• LISTED RECORDS:

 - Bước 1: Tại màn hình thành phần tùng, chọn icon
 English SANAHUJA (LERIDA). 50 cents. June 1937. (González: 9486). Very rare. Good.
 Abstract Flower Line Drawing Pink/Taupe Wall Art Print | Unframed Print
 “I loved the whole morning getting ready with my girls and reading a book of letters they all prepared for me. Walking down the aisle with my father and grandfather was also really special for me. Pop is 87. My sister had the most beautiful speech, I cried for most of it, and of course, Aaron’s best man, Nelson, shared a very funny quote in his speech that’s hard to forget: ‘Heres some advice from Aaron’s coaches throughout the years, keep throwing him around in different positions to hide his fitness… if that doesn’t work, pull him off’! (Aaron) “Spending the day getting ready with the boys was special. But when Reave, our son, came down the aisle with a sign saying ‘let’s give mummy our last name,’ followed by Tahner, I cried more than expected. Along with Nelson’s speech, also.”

...

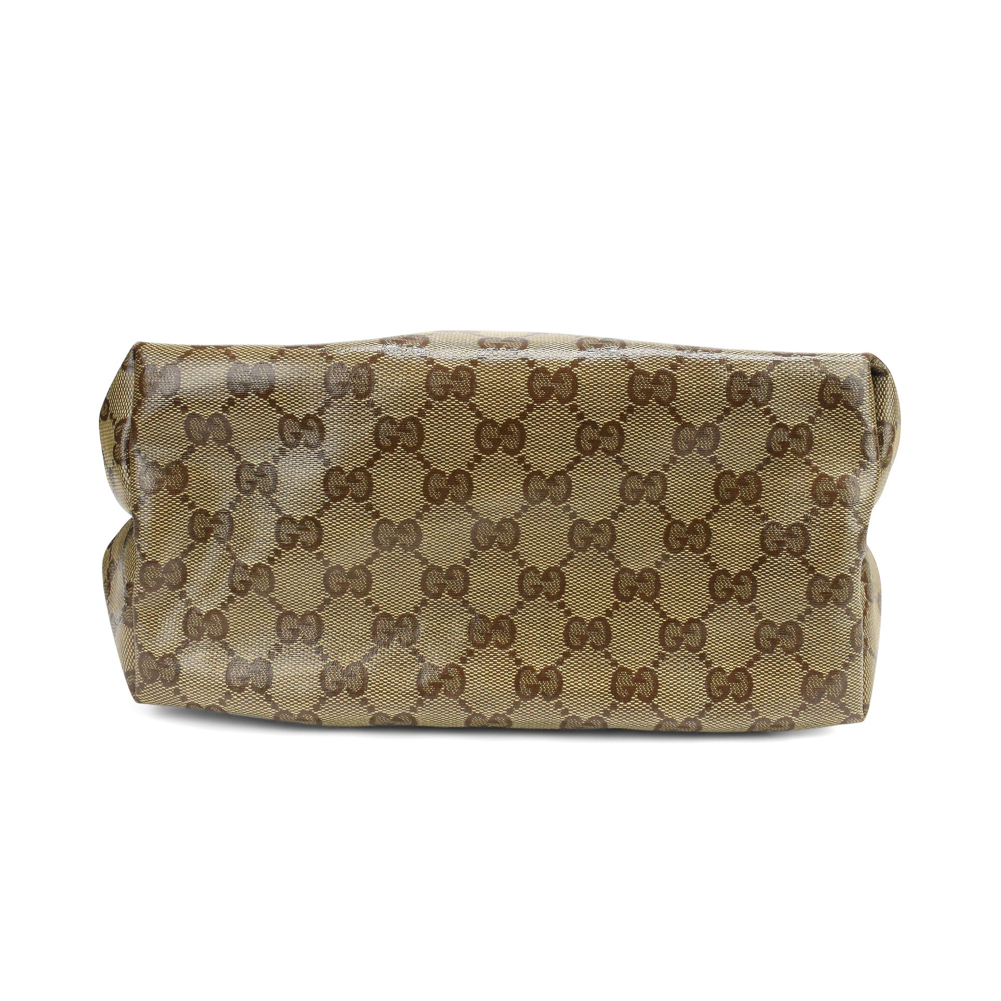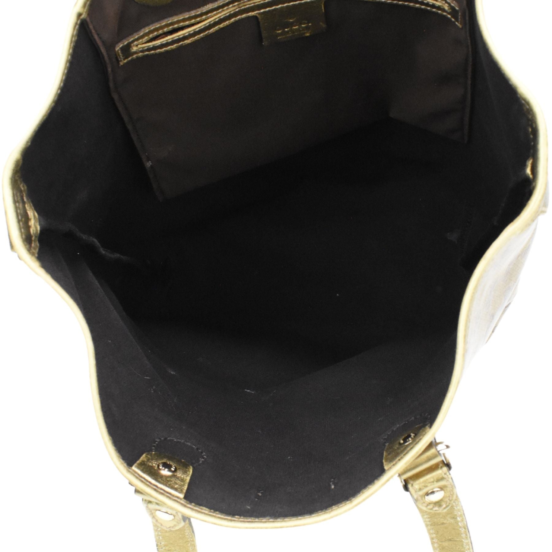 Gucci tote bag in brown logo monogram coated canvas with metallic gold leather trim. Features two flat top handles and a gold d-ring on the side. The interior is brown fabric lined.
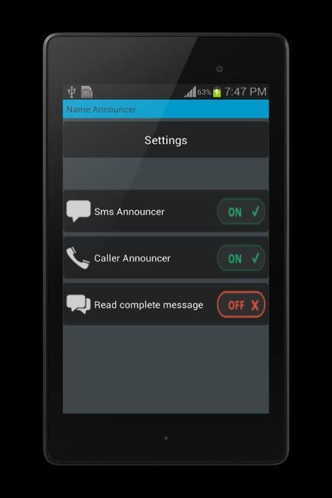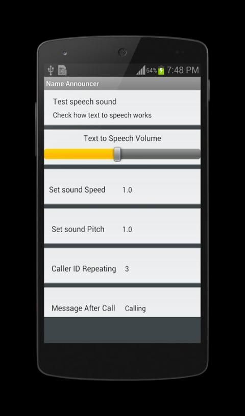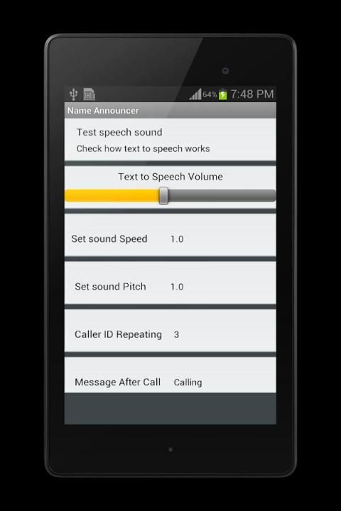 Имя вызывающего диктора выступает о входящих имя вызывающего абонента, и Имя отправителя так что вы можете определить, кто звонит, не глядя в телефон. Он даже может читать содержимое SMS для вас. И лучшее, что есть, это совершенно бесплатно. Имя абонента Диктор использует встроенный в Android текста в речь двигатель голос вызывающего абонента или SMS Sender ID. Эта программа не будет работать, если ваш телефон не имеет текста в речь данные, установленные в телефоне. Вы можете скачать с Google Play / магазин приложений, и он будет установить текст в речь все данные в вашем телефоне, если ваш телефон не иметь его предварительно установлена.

--

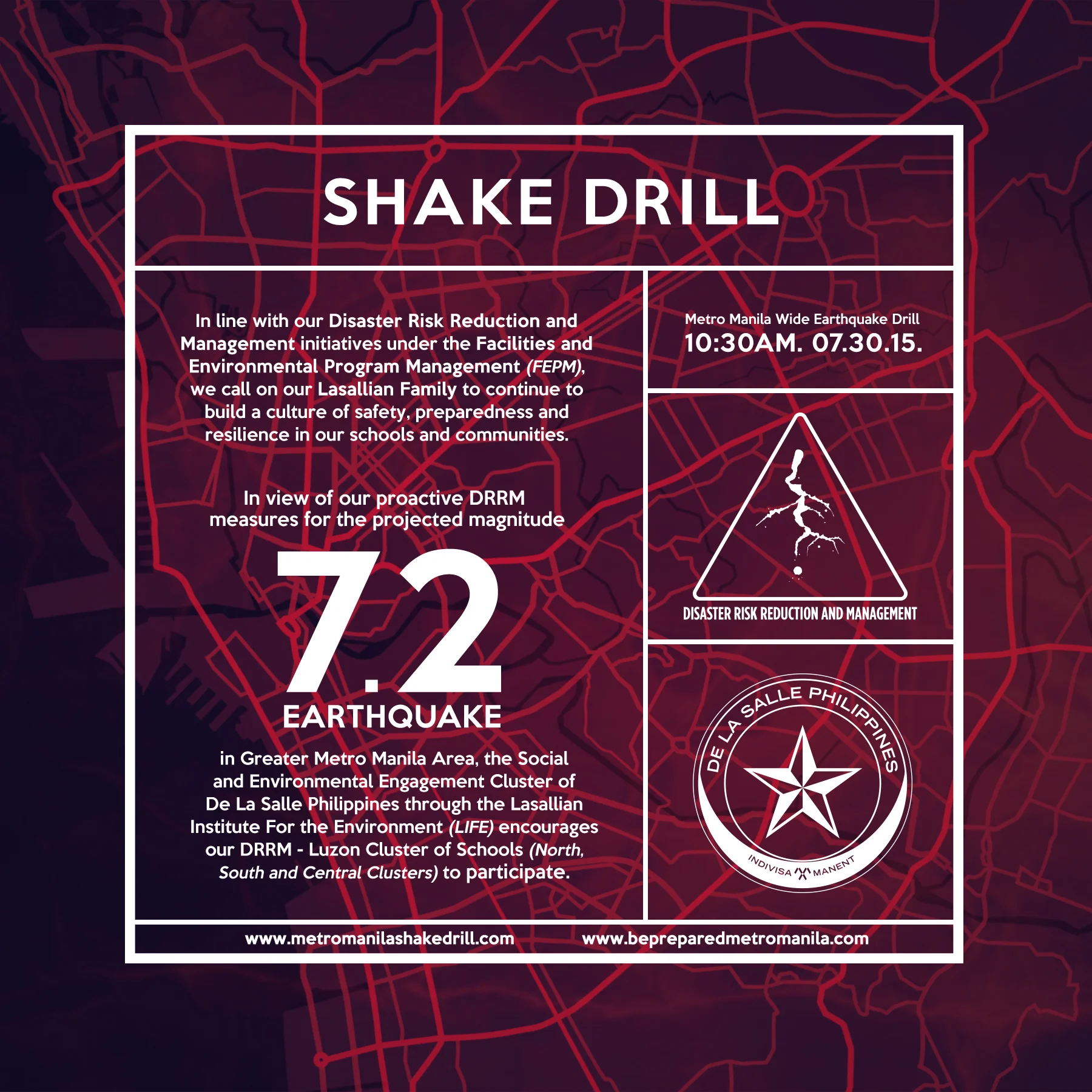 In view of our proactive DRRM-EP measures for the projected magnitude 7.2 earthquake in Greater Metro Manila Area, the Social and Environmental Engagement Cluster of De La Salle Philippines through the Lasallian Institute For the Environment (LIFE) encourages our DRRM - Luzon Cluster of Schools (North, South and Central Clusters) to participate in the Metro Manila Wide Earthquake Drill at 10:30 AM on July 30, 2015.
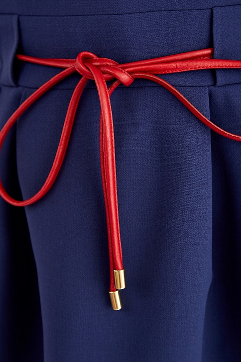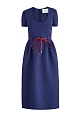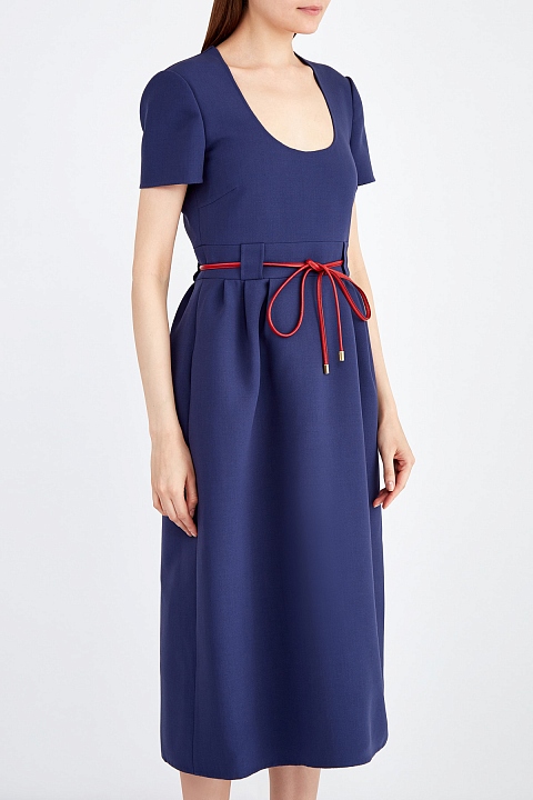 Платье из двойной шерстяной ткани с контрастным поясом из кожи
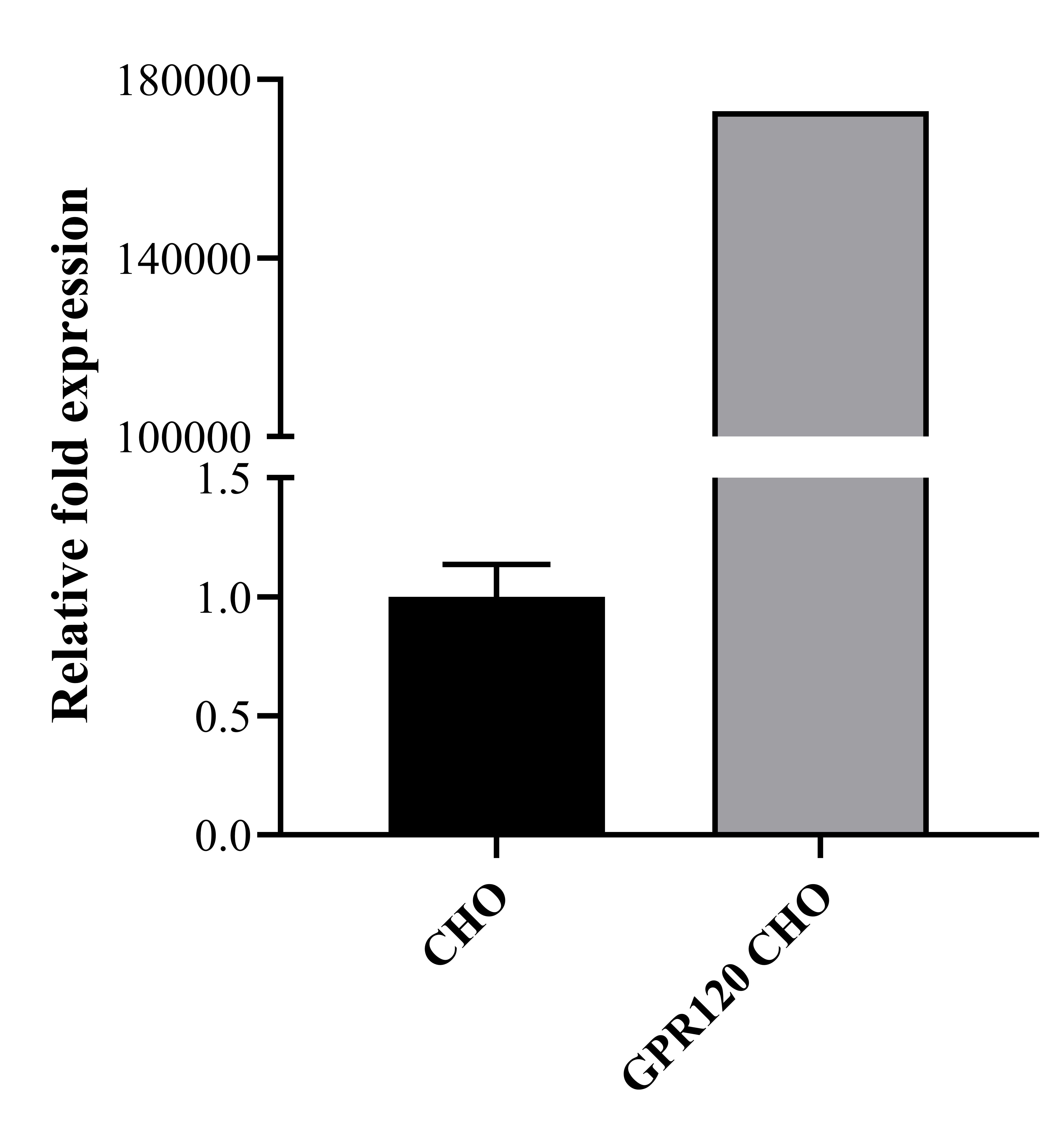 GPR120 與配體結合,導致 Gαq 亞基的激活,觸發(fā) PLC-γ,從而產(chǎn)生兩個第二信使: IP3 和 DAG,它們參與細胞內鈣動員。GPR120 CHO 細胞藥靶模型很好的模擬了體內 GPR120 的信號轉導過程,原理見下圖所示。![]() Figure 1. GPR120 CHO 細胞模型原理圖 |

• WORK TO COMPLETE:
Output should match, line for line, the stretch of the material above from the line holding "- Bước 1: Tại" through the line holding "Abstract Flower Line".

• OUTPUT OF THE TASK:
 - Bước 1: Tại màn hình thành phần tùng, chọn icon
 English SANAHUJA (LERIDA). 50 cents. June 1937. (González: 9486). Very rare. Good.
 Abstract Flower Line Drawing Pink/Taupe Wall Art Print | Unframed Print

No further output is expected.